Memoirs of the Courts of Louis XV and XVI. — Volume 3: Being Secret Memoirs of Madame Du Hausset, Lady's Maid to Madame De Pompadour, and of the Princess Lamballe
Memoirs of the Courts of Louis XV and XVI. — Volume 3: Being Secret Memoirs of Madame Du Hausset, Lady's Maid to Madame De Pompadour, and of the Princess Lamballe
Here is a voice rarely heard from history: not a queen, not a diplomat, but a woman who dressed Madame de Pompadour each morning and witnessed the machinery of power from behind the velvet curtain. Madame du Hausset's memoirs offer an intimacy that no court chronicle can match. She records what was said in whispered corridors, how Louis XV really looked when the painting masks fell, and the poisonous jealousy that consumed Versailles as the old regime rotted from within.
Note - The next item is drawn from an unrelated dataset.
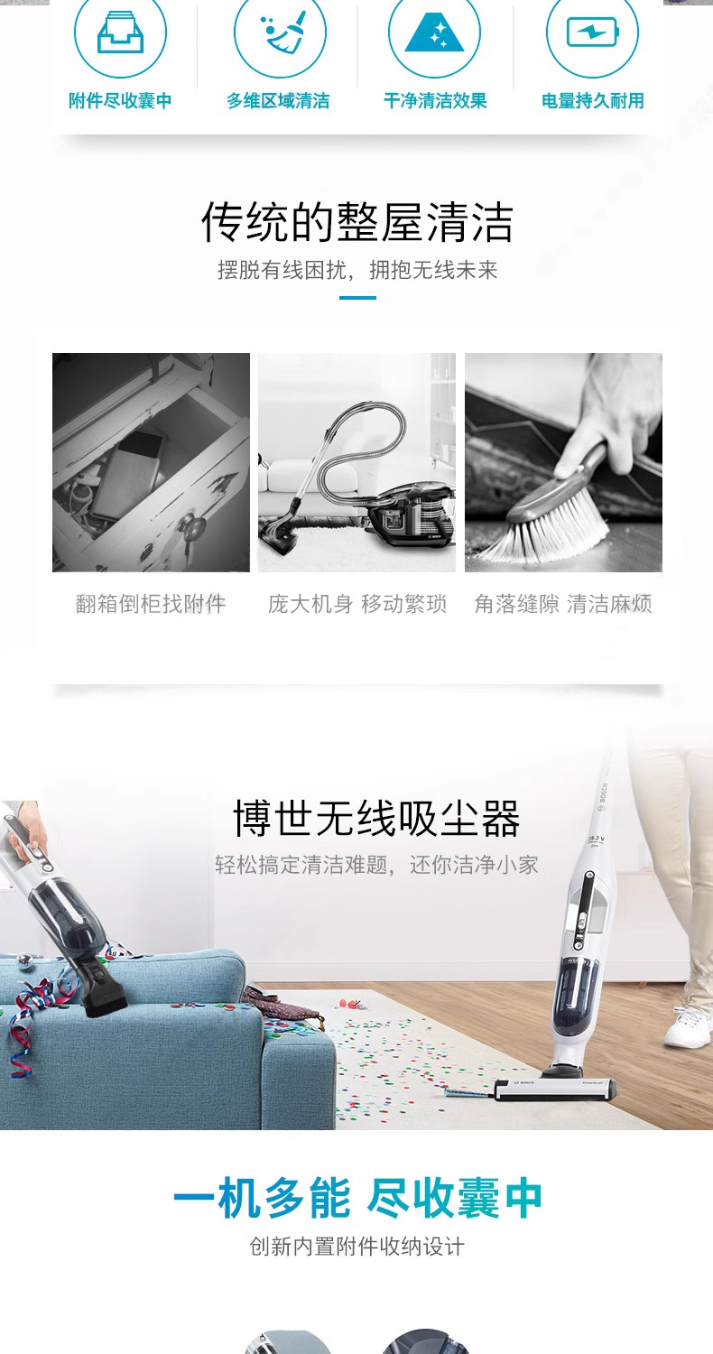 Bosch/博世吸尘器家用大吸力无线立式家车两用多功能手持小型

The pages involving the Princess Lamballe are particularly haunting, tracing her devoted service to Marie Antoinette through to its tragic end. This is history told not from the throne but from the dressing table, and it is all the more devastating for that perspective. The personal becomes political in ways the great memoirs never capture. For anyone who has wondered what the French Revolution looked like from inside the palace walls, du Hausset provides an answer that is intimate, startling, and historically invaluable.